= Kriterion Monrovia =

Student-run cinema organization in Liberia

Kriterion Monrovia is a student-run nonprofit organization focused on promoting cinema in Liberia. The group operates the only arthouse cinema in Liberia. Since its founding in 2011, it has screened over 40 films including locally produced art films.

== Background ==

After suffering from two civil wars where much historical and cultural knowledge were lost, Liberia struggled to develop a vibrant film culture. After 14 years of conflict, in 2003 the country began the slow process of rebuilding and recovering. Amid this process though, the Ebola virus epidemic violently erupted within the region and severely hit Liberia. The war-torn country totalled around 4,300 deaths due to the outbreak. During this time, members of the Liberian film community stopped movie screenings and went door-to-door to help raise awareness for the virus.

== History ==
Inspired by the models of Kriterion Amsterdam and Kriterion Sarajevo, Kriterion Monrovia was started by Pandora Hodge while she was a student at University of Liberia in 2011. Together with other students, she went to different communities in Liberia using a projector to screen about 40 different movies for the general public. The group was awarded their first seed money from BSC-Spark with later support from Monrovia Breweries, the Accountability Lab, and the Liberian Ministry of Health, among others.

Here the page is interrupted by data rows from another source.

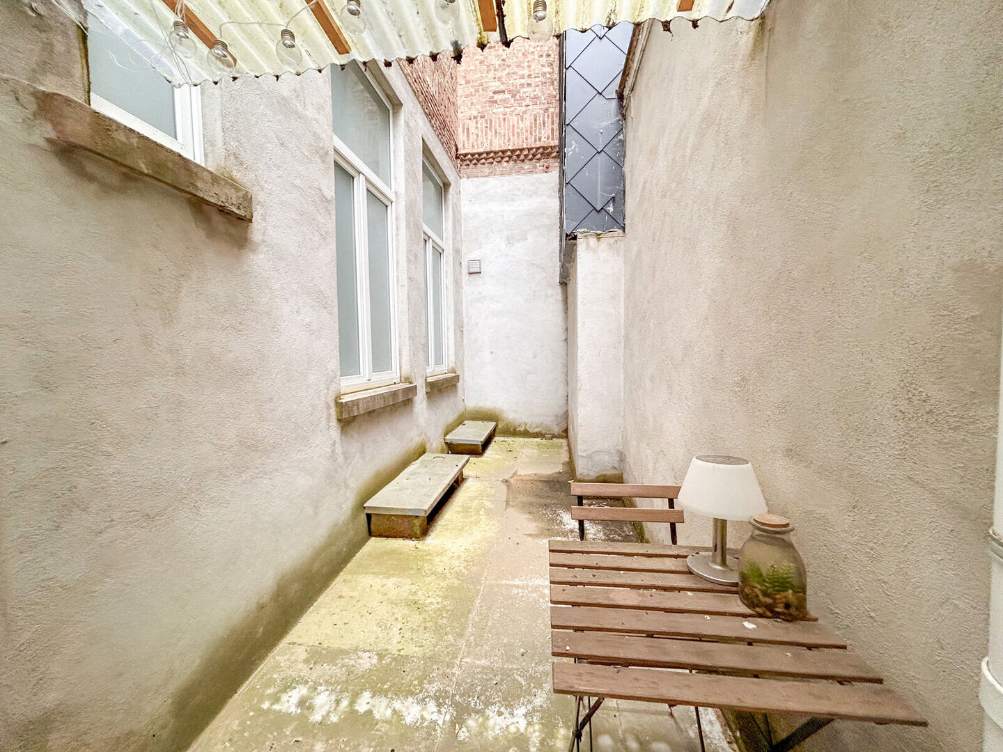 Het appartement is gelegen op de gelijkvloerse verdieping en is voorzien van een ruime, lichtrijke leefruimte en een gedeeltelijk geïnstalleerde keuken (kookplaat, koelkast, combi micro/oven , dampkap), afzonderlijke slaapkamer en badkamer met douche, lavabomeubel en toilet. Buiten is er nog een gezellige koer aanwezig. In de kelder is er nog een privatieve berging met aansluiting voor een wasmachine.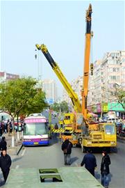 昨天上午10时,两辆大型吊车和一辆大型拖车来到现场。“我们测量了一下,这辆大客车长12米,一辆吊车吊不起来,普通拖车还放不下,只好弄来了三个‘大家伙’。”现场负责吊车的某公司负责人告诉记者,他们的拖车长度超过了20米,拖两辆坦克都没问题,公司还专门特制了工具来固定大客车。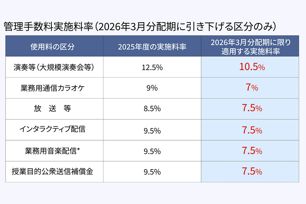 日本音楽著作権協会(JASRAC)は、2026年3月分配期における管理手数料実施料率の一部引き下げを発表。対象期間におけるアーティストへの支払い額が増額される。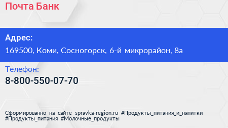 Почта Банк по адресу 169500, Коми, Сосногорск, 6-й микрорайон, 8а в дальнейшем Организация, размещена в следующих категориях: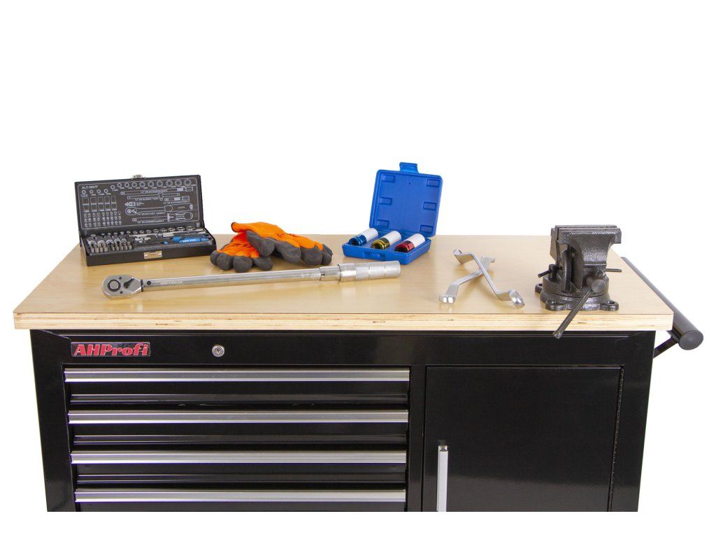 Na pracovní plochu se také hodí např. gola sada, momentový klíč nebo svěrák.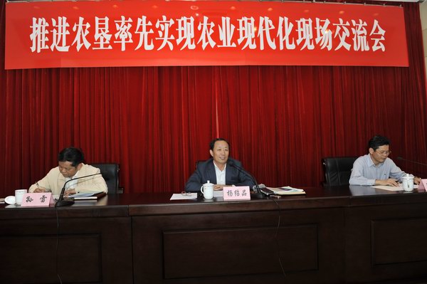 针对农垦率先实现农业现代化,杨绍品提出要着力抓好六项工作,一是要着力提升农业综合生产能力,二是要着力创新完善农业经营机制,三是要着力优化农业产业结构,四是要着力推进适用先进技术先行先试,五是要着力提升农产品质量安全水平,六是要着力打造一支现代农业人才队伍。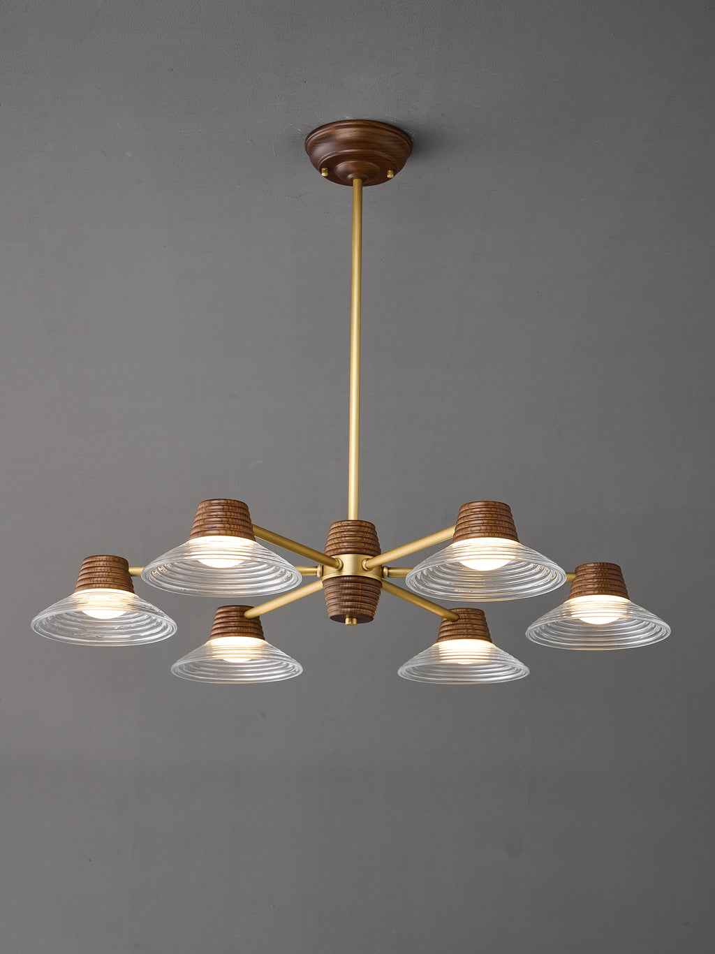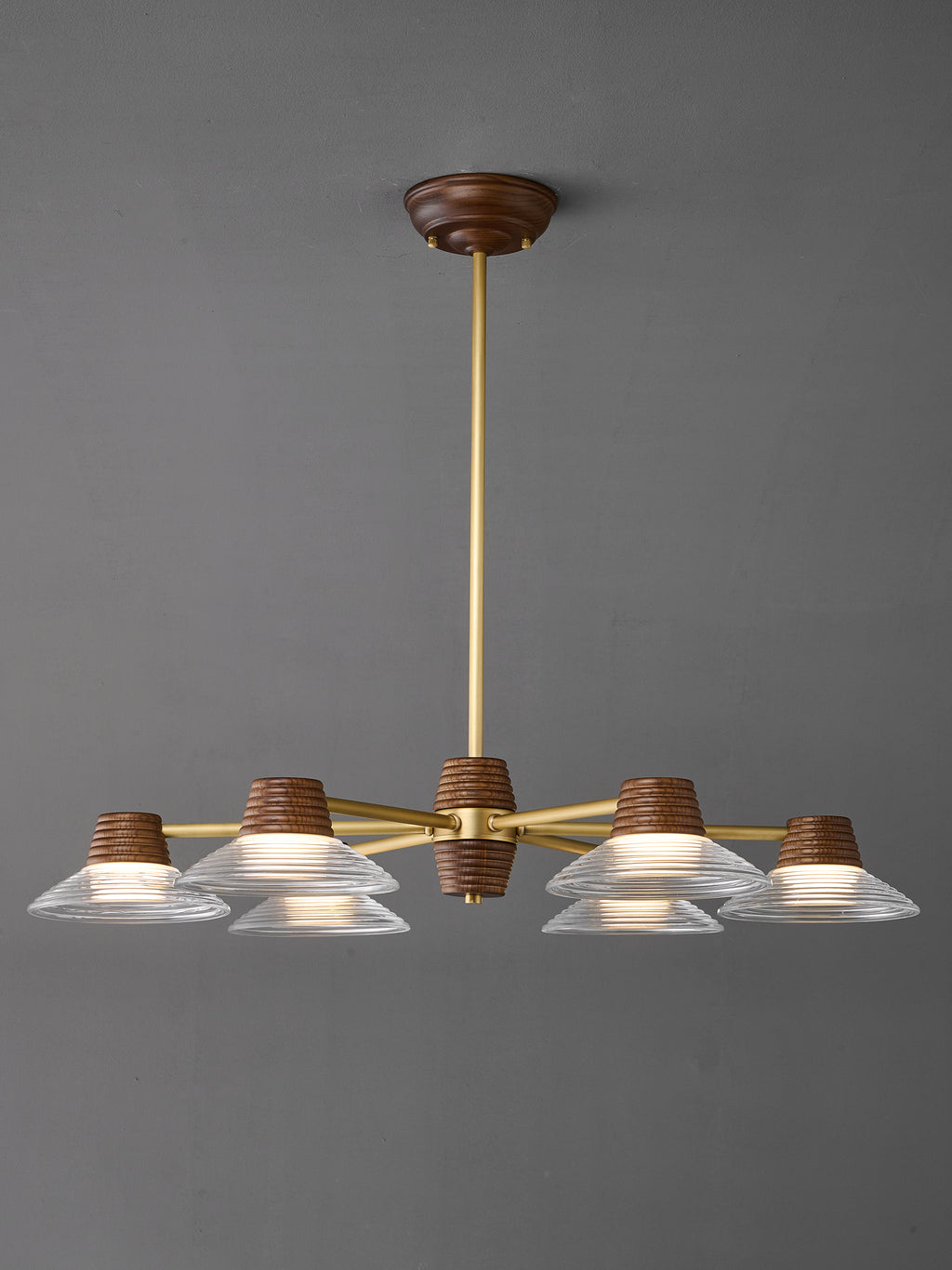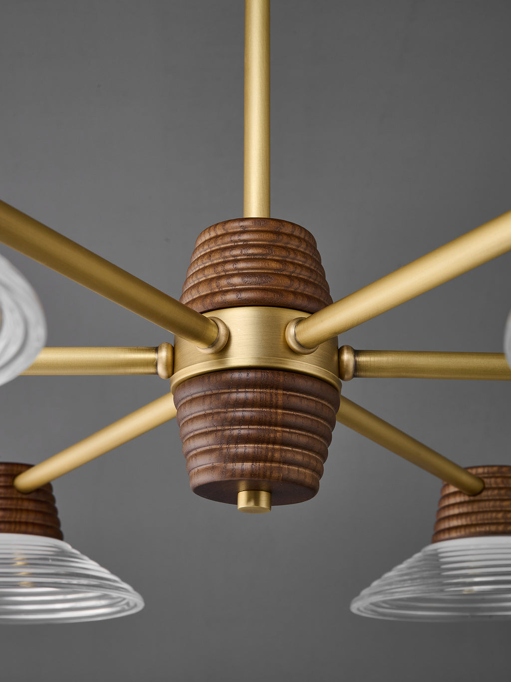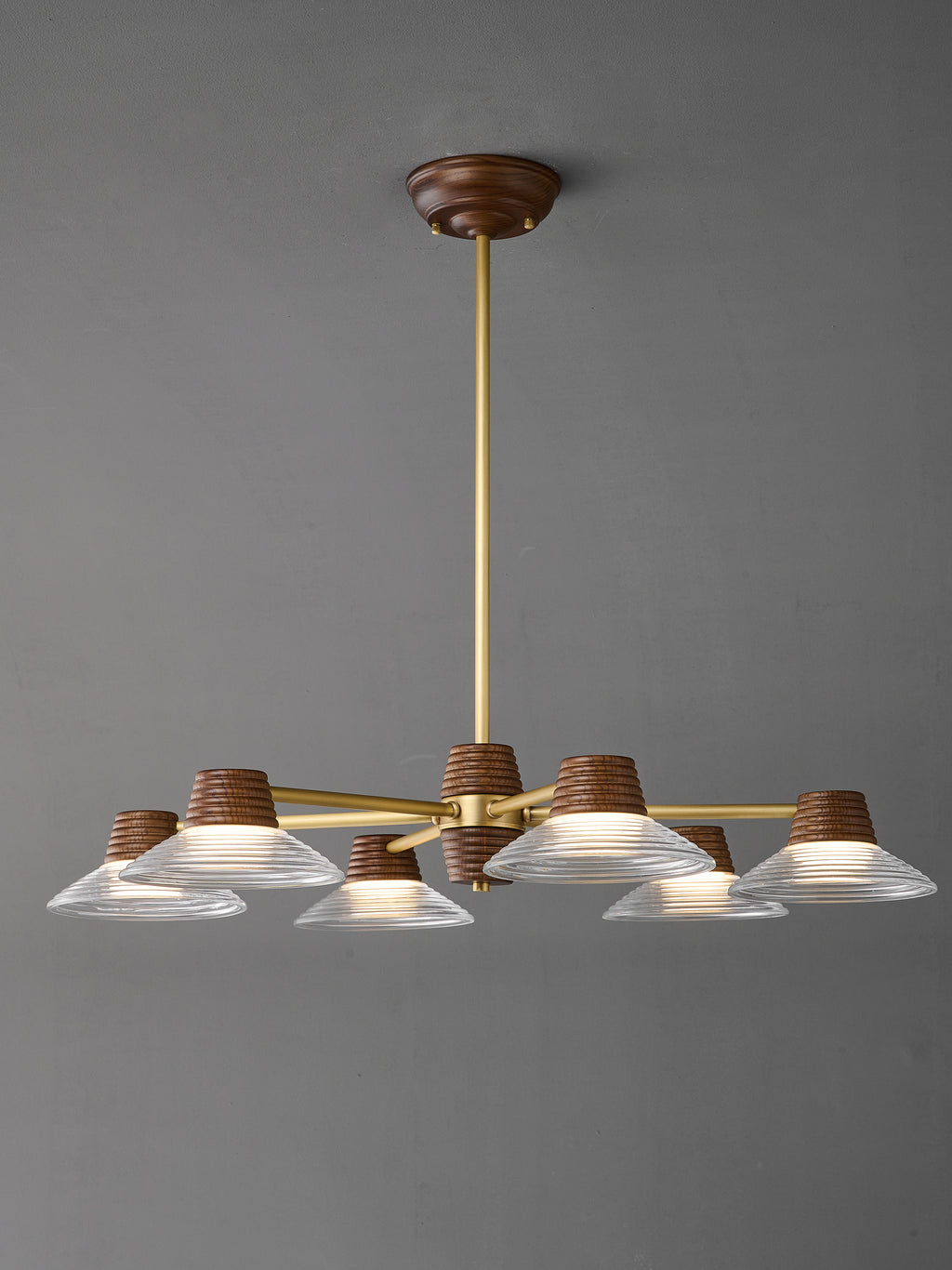 The Lydia Chandelier combines timeless elegance with refined craftsmanship. Featuring warm brass accents paired with natural ash wood and delicate glass elements, this fixture delivers sophisticated ambient lighting for any interior. The harmonious blend of materials creates visual interest while maintaining a cohesive aesthetic. Perfect for dining rooms, entryways, or living spaces seeking a statement piece that balances modern sensibility with classic design principles.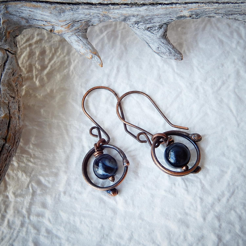 A sweet little pair of copper and black agate stone earrings made just for you! Wear them to work, shopping, out for a walk or to chill at home with a good book.

In 2018, Kriterion Monrovia hosted the second Europe Liberian film festival. At the conclusion of the event's two-weeks of activities, which included several film screenings, the Charge D'affaires of the European Union, Emma Sundblad, announced the construction of Liberia's first arthouse cinema to be run by the student group. A year prior, Kriterion Monrovia had launched a crowdfunding initiative in order to fund the project.